## [What to do]
Only the lines from the one with "the 9ct gold" through the final line below belong in the answer, copied exactly and without pictures.

(Saved data entries)

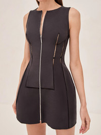 Introducing the Italie Dress, where sleek design meets undeniable sophistication. This mini dress is all about commanding attention with its structured silhouette and striking details. The zipper front adds a modern edge, while the tailored seams contour your figure for a flattering fit. Model wears XS Model Measurements Height: 5'10" Bust: 34B Waist: 25" Hips: 35”
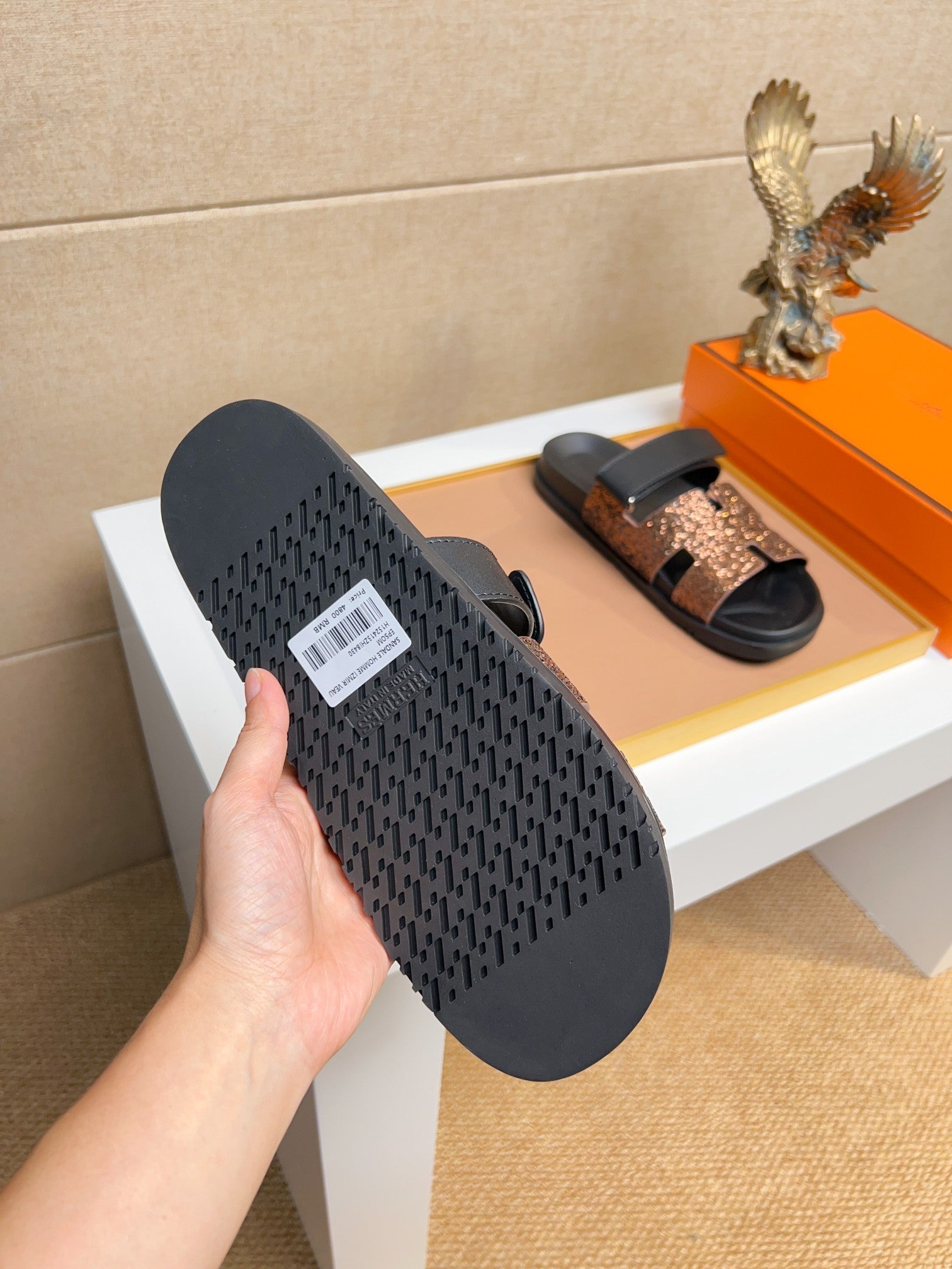 Sandali da uomo HM Chypre in pelle di vitello color rame metallizzato 735678
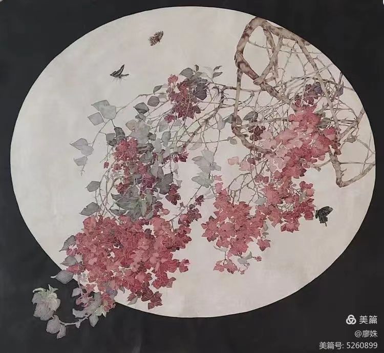 此次展出的作品以花鸟为主题,灵感均来自于女画家对大自然精微的观察和对生活的感悟。爱好者们漫步在艺术馆古色古香的回廊下,在庐陵古建筑天井投射的春光里,聆听着儒陵艺术馆特聘画家廖姝老师的讲解。娓娓动听的讲解如鸟语、如花香,与展厅作品《秋荷》、《望乡》、《相依》、《福满门》、《花繁凫肥》一起编织出如梦如幻的视觉享受,充满了诗情画意。
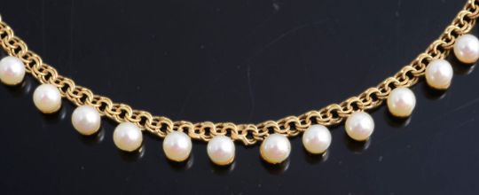 the 9ct gold neck chain suspended entirely with even size cultured pearls, stamped 9ct to clasp
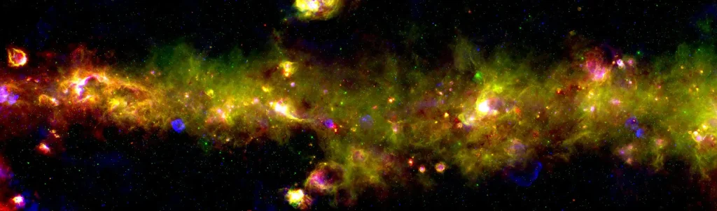 La riga a 1420 MHz, associata a una galassia che si allontana a causa dell’espansione dell’Universo, verrà osservata a una frequenza più bassa e la differenza, tra la frequenza a cui si osserva la riga e 1420 MHz, è una misura della distanza della galassia o del tempo trascorso da quando è stato emesso il segnale rivelato. Osservazioni a frequenze sempre più basse corrispondono a osservazioni di regioni sempre più distanti e, proprio come una macchina del tempo, ci permettono di raccogliere informazioni sull’Universo primordiale. Man mano che le prime strutture cosmiche si formano e nascono le prime stelle, queste con la loro luce ultravioletta, riescono a ionizzare l’idrogeno circostante che, non essendo più neutro, perde la sua firma caratteristica a 1420 MHz.
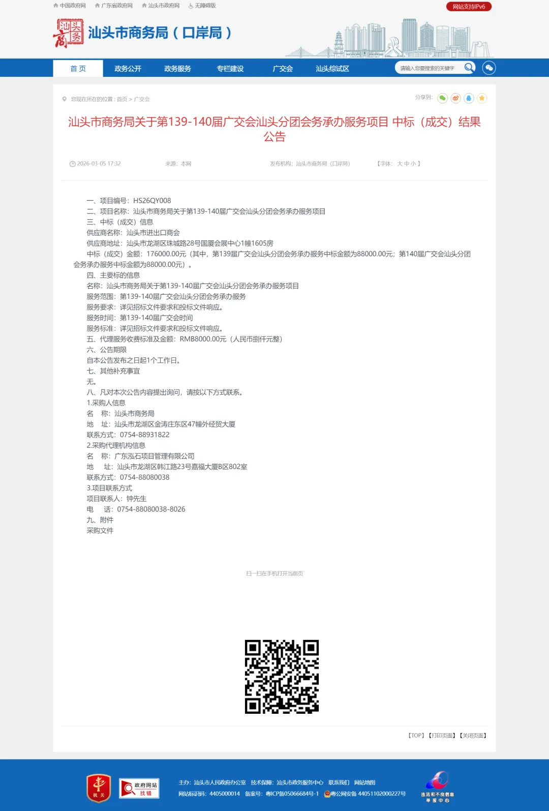 汕头市进出口商会中标139-140届广交会汕头分团会务承办服务项目工作。
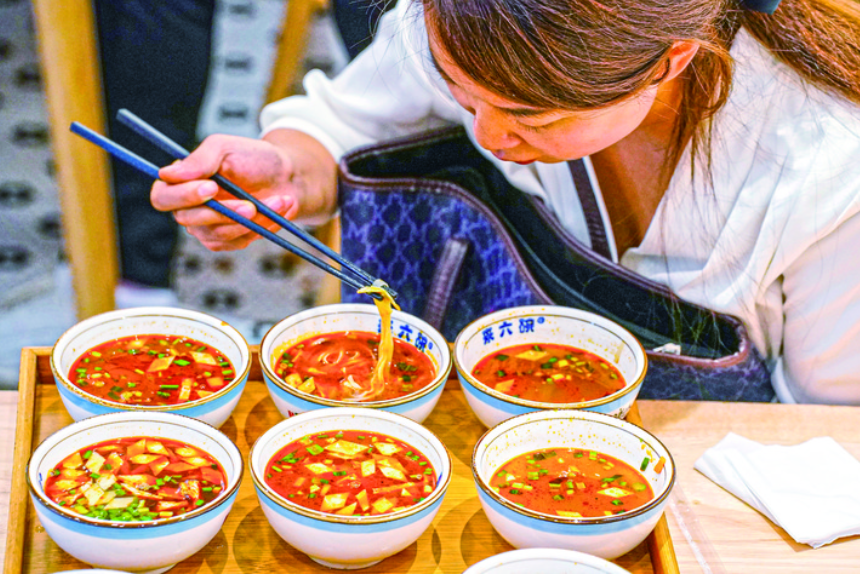 顾客在一家岐山臊子面餐馆内品尝臊子面。新华社记者 邵瑞摄
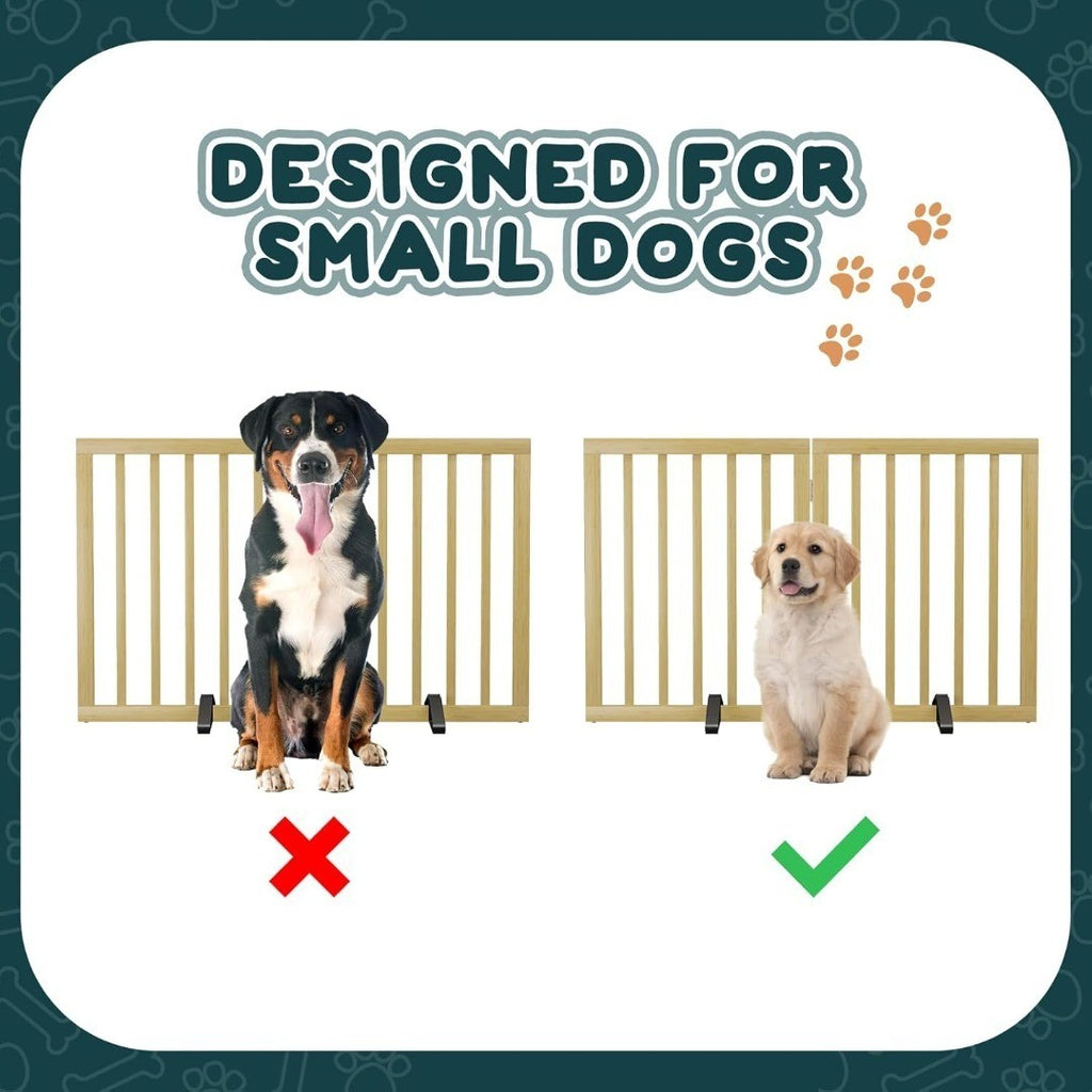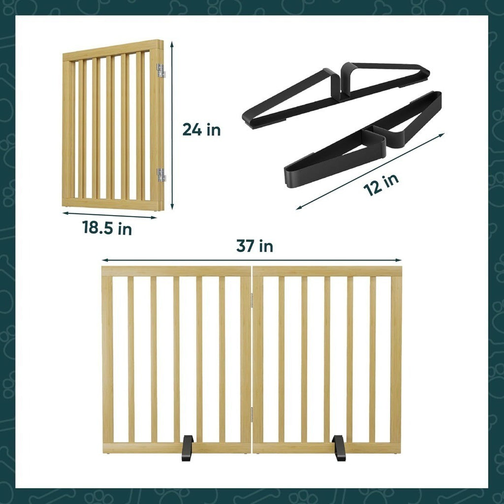 - Freestanding Design: This dog gate is freestanding and requires no installation or mounting. The puppy gate can be easily placed in any desired location, such as doorways, staircases, or hallways, providing a convenient and portable solution for restricting your pet's access.

## [Exercise output]
 the 9ct gold neck chain suspended entirely with even size cultured pearls, stamped 9ct to clasp
 La riga a 1420 MHz, associata a una galassia che si allontana a causa dell’espansione dell’Universo, verrà osservata a una frequenza più bassa e la differenza, tra la frequenza a cui si osserva la riga e 1420 MHz, è una misura della distanza della galassia o del tempo trascorso da quando è stato emesso il segnale rivelato. Osservazioni a frequenze sempre più basse corrispondono a osservazioni di regioni sempre più distanti e, proprio come una macchina del tempo, ci permettono di raccogliere informazioni sull’Universo primordiale. Man mano che le prime strutture cosmiche si formano e nascono le prime stelle, queste con la loro luce ultravioletta, riescono a ionizzare l’idrogeno circostante che, non essendo più neutro, perde la sua firma caratteristica a 1420 MHz.
 汕头市进出口商会中标139-140届广交会汕头分团会务承办服务项目工作。
 顾客在一家岐山臊子面餐馆内品尝臊子面。新华社记者 邵瑞摄
 - Freestanding Design: This dog gate is freestanding and requires no installation or mounting. The puppy gate can be easily placed in any desired location, such as doorways, staircases, or hallways, providing a convenient and portable solution for restricting your pet's access.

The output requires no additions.